▸ **DATA RECORDS**
[Start of Attachment]
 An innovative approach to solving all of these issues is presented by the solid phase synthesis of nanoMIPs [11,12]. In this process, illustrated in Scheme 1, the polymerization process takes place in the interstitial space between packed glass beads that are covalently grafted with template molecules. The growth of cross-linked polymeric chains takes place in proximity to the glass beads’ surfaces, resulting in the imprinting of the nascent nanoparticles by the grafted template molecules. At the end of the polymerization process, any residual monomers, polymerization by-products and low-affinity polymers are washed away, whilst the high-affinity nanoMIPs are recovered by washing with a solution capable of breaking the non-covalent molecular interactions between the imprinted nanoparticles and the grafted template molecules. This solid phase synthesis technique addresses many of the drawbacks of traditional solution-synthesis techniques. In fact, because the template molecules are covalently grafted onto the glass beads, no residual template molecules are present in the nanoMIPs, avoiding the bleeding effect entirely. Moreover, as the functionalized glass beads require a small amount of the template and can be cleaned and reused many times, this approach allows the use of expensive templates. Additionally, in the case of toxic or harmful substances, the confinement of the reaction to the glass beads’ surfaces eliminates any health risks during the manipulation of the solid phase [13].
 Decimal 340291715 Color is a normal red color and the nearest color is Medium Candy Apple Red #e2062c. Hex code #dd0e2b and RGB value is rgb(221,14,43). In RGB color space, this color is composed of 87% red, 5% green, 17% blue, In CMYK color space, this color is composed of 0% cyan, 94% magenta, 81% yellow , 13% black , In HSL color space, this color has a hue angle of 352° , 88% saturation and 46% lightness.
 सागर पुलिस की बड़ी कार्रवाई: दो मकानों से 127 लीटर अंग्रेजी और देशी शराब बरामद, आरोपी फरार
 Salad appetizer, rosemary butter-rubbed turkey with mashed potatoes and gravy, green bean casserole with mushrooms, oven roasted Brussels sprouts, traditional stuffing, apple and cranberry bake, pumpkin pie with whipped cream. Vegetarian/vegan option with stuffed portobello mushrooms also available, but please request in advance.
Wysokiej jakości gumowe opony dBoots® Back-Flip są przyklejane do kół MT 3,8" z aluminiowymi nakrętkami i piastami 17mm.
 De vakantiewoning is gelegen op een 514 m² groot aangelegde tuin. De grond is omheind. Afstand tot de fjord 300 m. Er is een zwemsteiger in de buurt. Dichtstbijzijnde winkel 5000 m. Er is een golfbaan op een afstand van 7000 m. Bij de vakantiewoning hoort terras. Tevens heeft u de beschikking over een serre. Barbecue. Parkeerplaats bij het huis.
[End of Attachment]
[Start of Attachment]
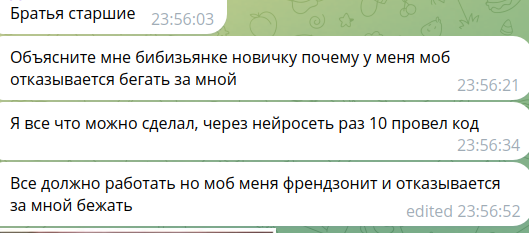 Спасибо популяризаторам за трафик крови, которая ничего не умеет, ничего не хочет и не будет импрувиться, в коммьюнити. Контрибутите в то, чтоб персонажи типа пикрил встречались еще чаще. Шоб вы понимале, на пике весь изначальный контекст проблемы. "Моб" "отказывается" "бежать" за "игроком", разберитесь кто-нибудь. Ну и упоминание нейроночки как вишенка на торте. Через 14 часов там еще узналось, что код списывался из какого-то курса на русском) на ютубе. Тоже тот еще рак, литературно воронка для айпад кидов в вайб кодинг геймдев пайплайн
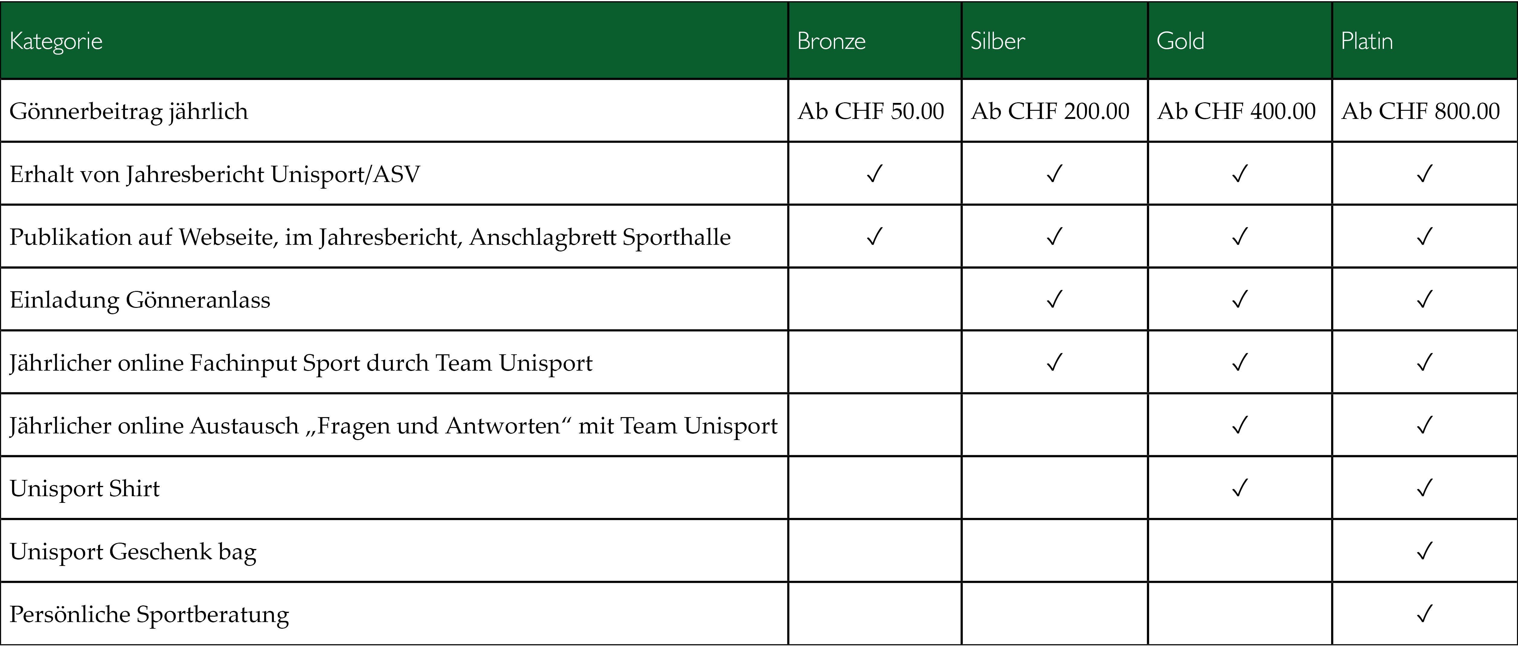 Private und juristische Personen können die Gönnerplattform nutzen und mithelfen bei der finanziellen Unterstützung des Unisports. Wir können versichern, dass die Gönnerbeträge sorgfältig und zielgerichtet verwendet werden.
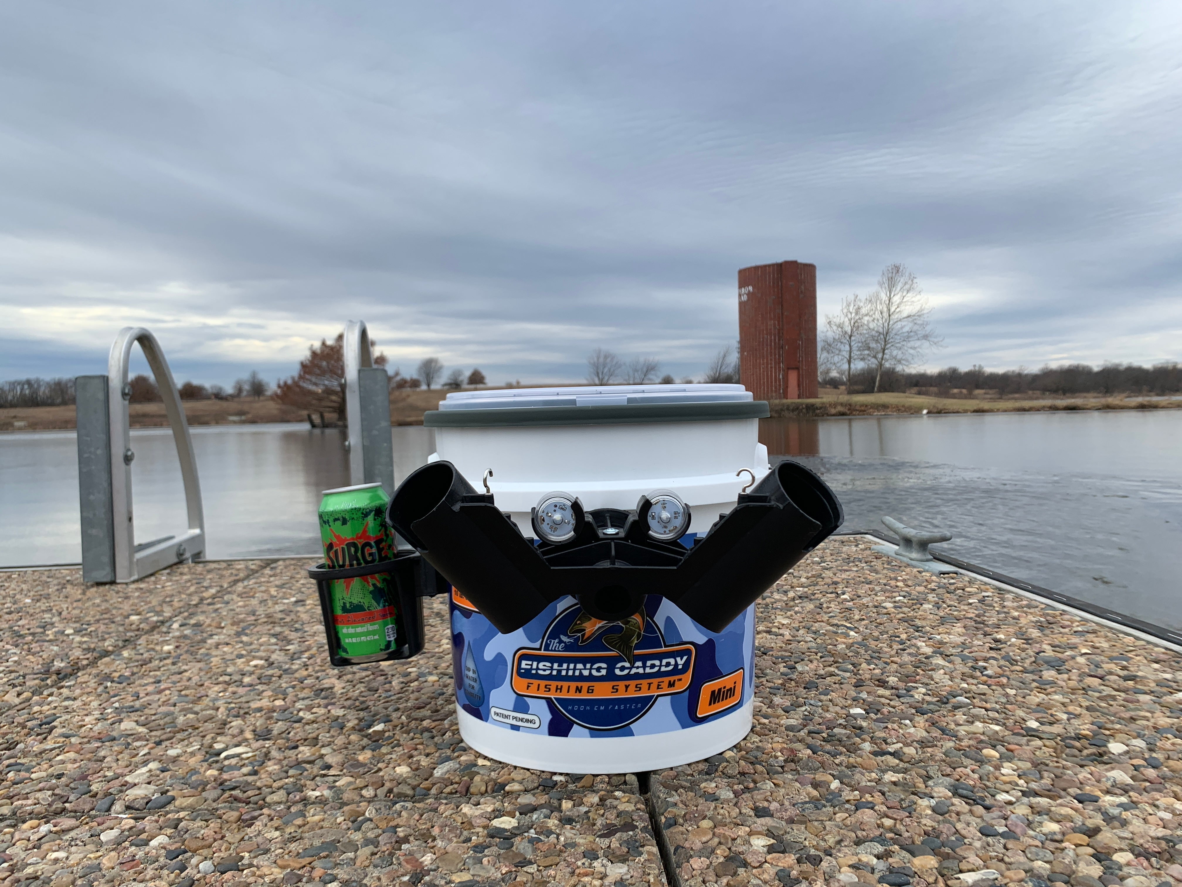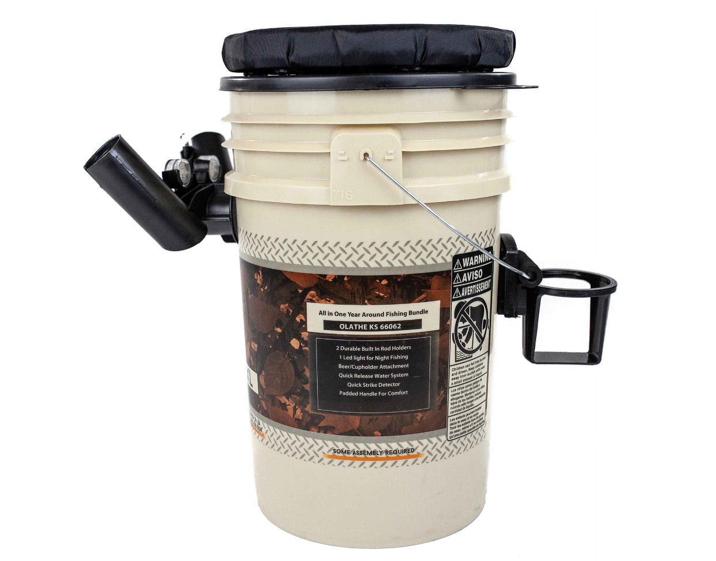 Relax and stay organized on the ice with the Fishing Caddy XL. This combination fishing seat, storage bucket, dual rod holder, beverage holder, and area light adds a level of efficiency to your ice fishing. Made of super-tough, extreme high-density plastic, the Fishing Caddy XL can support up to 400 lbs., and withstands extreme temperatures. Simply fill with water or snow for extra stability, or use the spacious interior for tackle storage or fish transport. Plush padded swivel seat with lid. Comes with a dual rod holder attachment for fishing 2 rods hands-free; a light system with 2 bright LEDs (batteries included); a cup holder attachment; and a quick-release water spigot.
[End of Attachment]
▸ **TASK GOAL**
What you return must be an exact retyping of the lines above starting at the line with "सागर पुलिस की" and ending at the line with "De vakantiewoning is", and nothing besides.

▸ **ANSWER BOX**
 सागर पुलिस की बड़ी कार्रवाई: दो मकानों से 127 लीटर अंग्रेजी और देशी शराब बरामद, आरोपी फरार
 Salad appetizer, rosemary butter-rubbed turkey with mashed potatoes and gravy, green bean casserole with mushrooms, oven roasted Brussels sprouts, traditional stuffing, apple and cranberry bake, pumpkin pie with whipped cream. Vegetarian/vegan option with stuffed portobello mushrooms also available, but please request in advance.
Wysokiej jakości gumowe opony dBoots® Back-Flip są przyklejane do kół MT 3,8" z aluminiowymi nakrętkami i piastami 17mm.
 De vakantiewoning is gelegen op een 514 m² groot aangelegde tuin. De grond is omheind. Afstand tot de fjord 300 m. Er is een zwemsteiger in de buurt. Dichtstbijzijnde winkel 5000 m. Er is een golfbaan op een afstand van 7000 m. Bij de vakantiewoning hoort terras. Tevens heeft u de beschikking over een serre. Barbecue. Parkeerplaats bij het huis.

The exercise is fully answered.